Damit haben wir die Seite der Produktion und der Verarbeitung beschrieben, die auch in den ersten Vorträgen des heutigen Tages eine Rolle spielen werden. Es reicht aber nicht, nur die eine Seite des Tisches zu betrachten. Auf den sich öffnenden Wettbewerbsmärkten wird sich die Wertschöpfungskette behaupten, die sich strategisch auf die Wünsche der Konsumenten einstellt.

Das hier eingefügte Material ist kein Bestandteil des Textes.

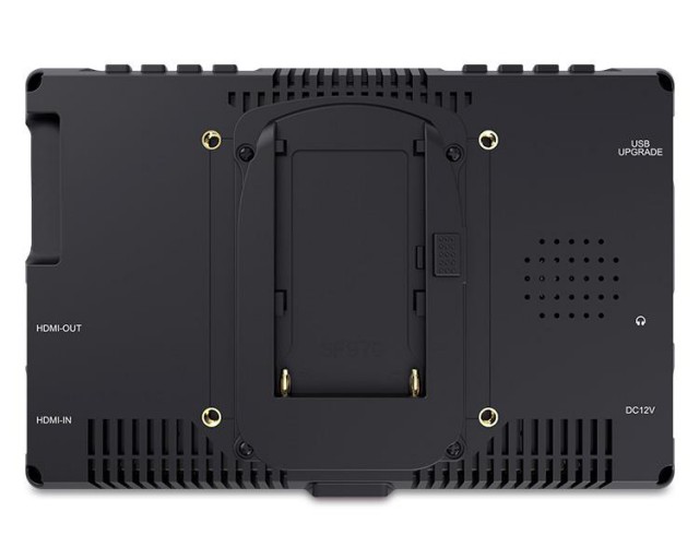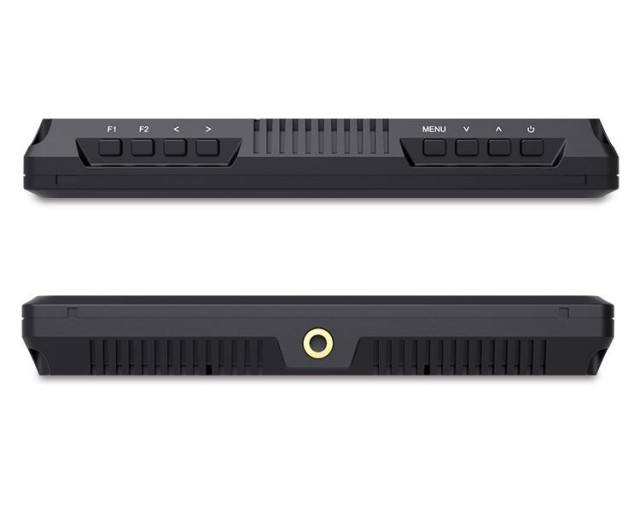 ... zagotavljajo gumbi na zgornjem robu zaslona, vključno s funkcijskimi gumbi, ki jim lahko dodelite poljubno funkcijo, npr. pomoč pri ostrenju, prikaz lažnih barv itd. Na spodnjem robu je standardni navoj 1/4"-20 za namestitev monitorja na naprave DSLR/DSLM/kamere ali neposredno na fotoaparate z uporabo (priložene) redukcije vtičnice za bliskavico, na zadnji plošči pa je tudi standardni montažni navoj VESA z razmikom 75 mm.

Welches Bild soll sich der Kunde in Zukunft vom erweiterten Familienbetrieb und seinen Produkten machen? Haben wir nicht auch die Möglichkeit, Produkte mit regionaler Identität zu verkaufen? Bieten wir dem Verbraucher nicht auch Werte an, die er in seinem alltäglichen Leben vermisst?

Ganz von fern ahnt man, dass sich unsere Gesellschaft einer neuen Wertedebatte öffnen wird. Ein moderner, weltoffener, aber tief verwurzelter Heimatbegriff gehört ebenso zu diesem Wertewandel wie die Veränderung in den Unternehmenskulturen. Vertrauen, Offenheit und Menschlichkeit sind Werte, die gerade in diesen Tagen der Flutkatastrophe ihre Strahlkraft beweisen. Diese Tugenden gehören seit Jahrhunderten zum Wertekanon der Landwirte und des ländlichen Raumes. Es wird zum Phänomen der Globalisierung gehören, dass im globalen Dorf zwar alle Informationen und Vernetzungen funktionieren, dass aber daraus die Sehnsucht nach regionaler Identität eine neue Dimension erhalten wird.

Auch der Verbraucher wird auf Dauer den Spagat zwischen Gesinnungsethik und Geizkauf überwinden. Die Sehnsucht nach dem authentischen und regionalen Produkt wird zumindest aus der Nische ein Segment wachsen lassen.  Deshalb bin ich besonders gespannt, wenn uns am Ende des Vormittages  die Zukunftschancen für unsere Erzeugnisse vorgestellt werden.

Meine Damen und Herren,
die DLG versteht sich seit den Zeiten unseres Gründers Max Eyth als die Schnittstelle zwischen Wissenschaft und Praxis, aber auch als Scharnier in der Wertschöpfung vom Landwirt und seinen Vorlieferanten bis zum Konsumenten. Wir sind ein europaweites Zentrum für den Know-how-Transfer; das am weitesten entwickelte Fachzentrum für die Agrar- und  Ernährungswirtschaft. From Stable to table: Vom holländischen Ökonomie-Professor über den deutschen Schweinezüchter, den hollanddeutschen Agrobusiness-Manager bis zum Pudding- und Pizzakönig aus Bielefeld. Eine derart auf höchstem Niveau geschlossene Wertschöpfungskette finden Sie nur bei der DLG.

Es wird sich also für Sie alle lohnen, heute nach Münster gekommen zu sein.